In the predawn dark the sounds about describe the scene to come. The first cries of birds in the trees along the river and the clink of harness and the snuffle of horses and the gentle sound of their cropping. In the darkened village roosters have begun. The air smells of horses and charcoal. The camp has begun to stir. Sitting all about in the accruing light are the children from the town. None of the men rising know how long they have been there in darkness and silence.
When they rode through the square the dead squaw was gone and the dust was newly raked. The juggler's lamps were stark and black atop their poles and the fire was cold before the pitchtent. An old woman who had been chopping wood raised up and stood with the axe in both hands as they passed.
They rode through the sacked indian camp at midmorning, the blackened sheets of meat draped across the bushes or hung from poles like strange dark laundry. Deerhides were pegged out on the ground and white or ruddled bones lay strewn over the rocks in a primitive shambles. The horses cocked their ears and stepped quickly. They rode on.
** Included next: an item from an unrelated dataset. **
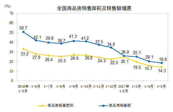 1-5月份,商品房销售面积54820万平方米,同比增长14.3%,增速比1-4月份回落1.4个百分点。其中,住宅销售面积增长11.9%,办公楼销售面积增长38.3%,商业营业用房销售面积增长29.6%。商品房销售额43632亿元,增长18.6%,增速回落1.5个百分点。其中,住宅销售额增长15.3%,办公楼销售额增长37.4%,商业营业用房销售额增长39.0%。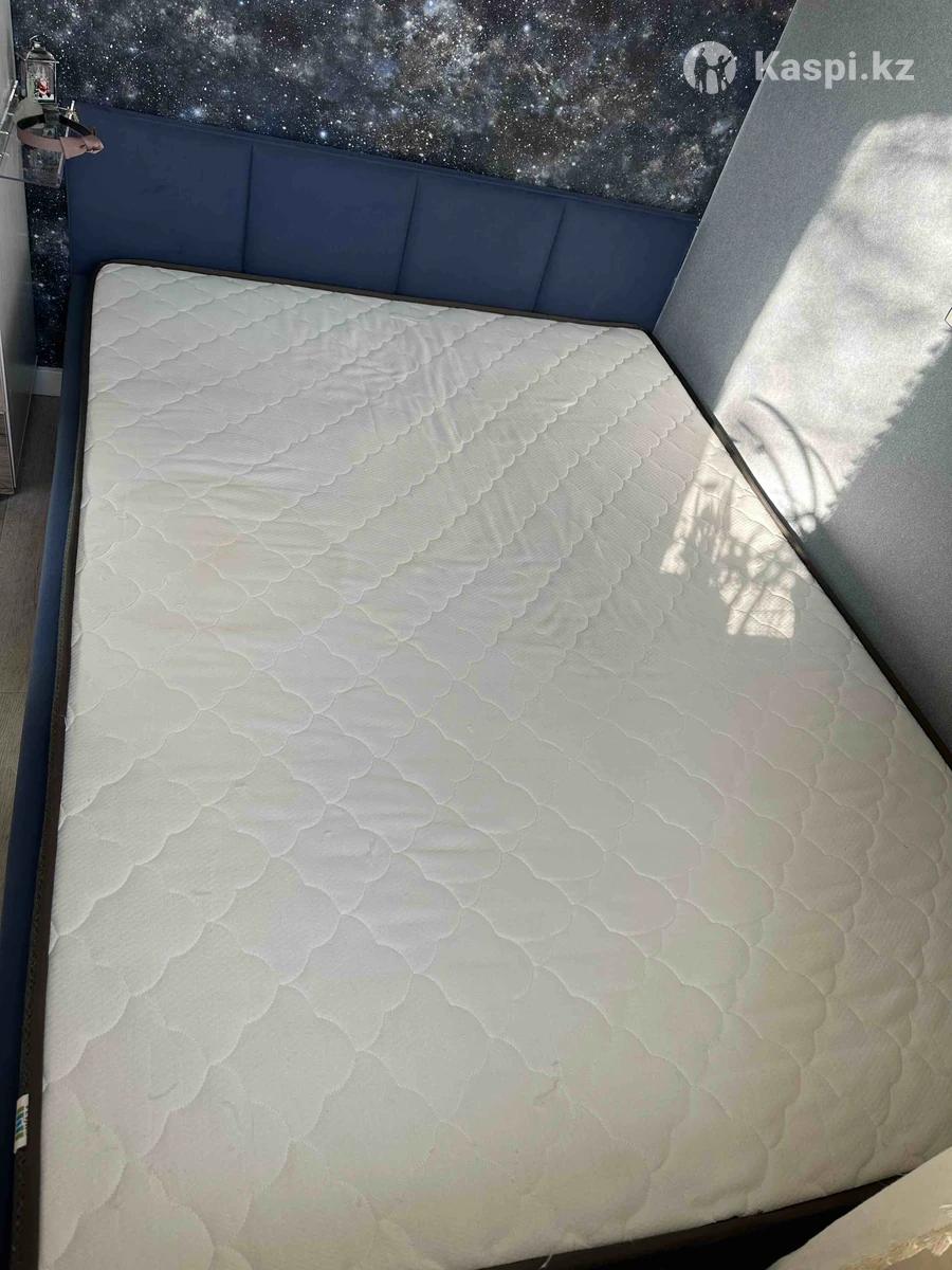 Продам кровать 1500х2100х350 (высота подголовника 700) , спальное место 1400х2000, с ортопедическим основанием, есть подъемный механизм и место для хранения. Матрац ортопедический в комплекте. Цвет синий. Самовывоз.

In the, afternoon black Jackson caught them up, his mount surbated and all but blown. Glanton turned in the saddle and measured him with his eye. Then he nudged his horse forward and the black fell in with his pale wayfellows and all rode on as before.
They did not miss the veteran until that evening. The judge made his way down through the smoke of the cookfires and squatted before Toadvine and the kid.
What's become of Chambers, he said.
I believe he's quit.
Quit.
I believe he has.
Did he ride out this morning?
Not with us he never.
It was my understanding that you spoke for your group.
Toadvine spat. He appears to of spoke for hisself.
When did you last see him.
Seen him yesterday evenin.
But not this morning.
Not this mornin.
The judge regarded him.
Hell, said Toadvine. I allowed you knowed he was gone. It aint like he was so small you never would miss him.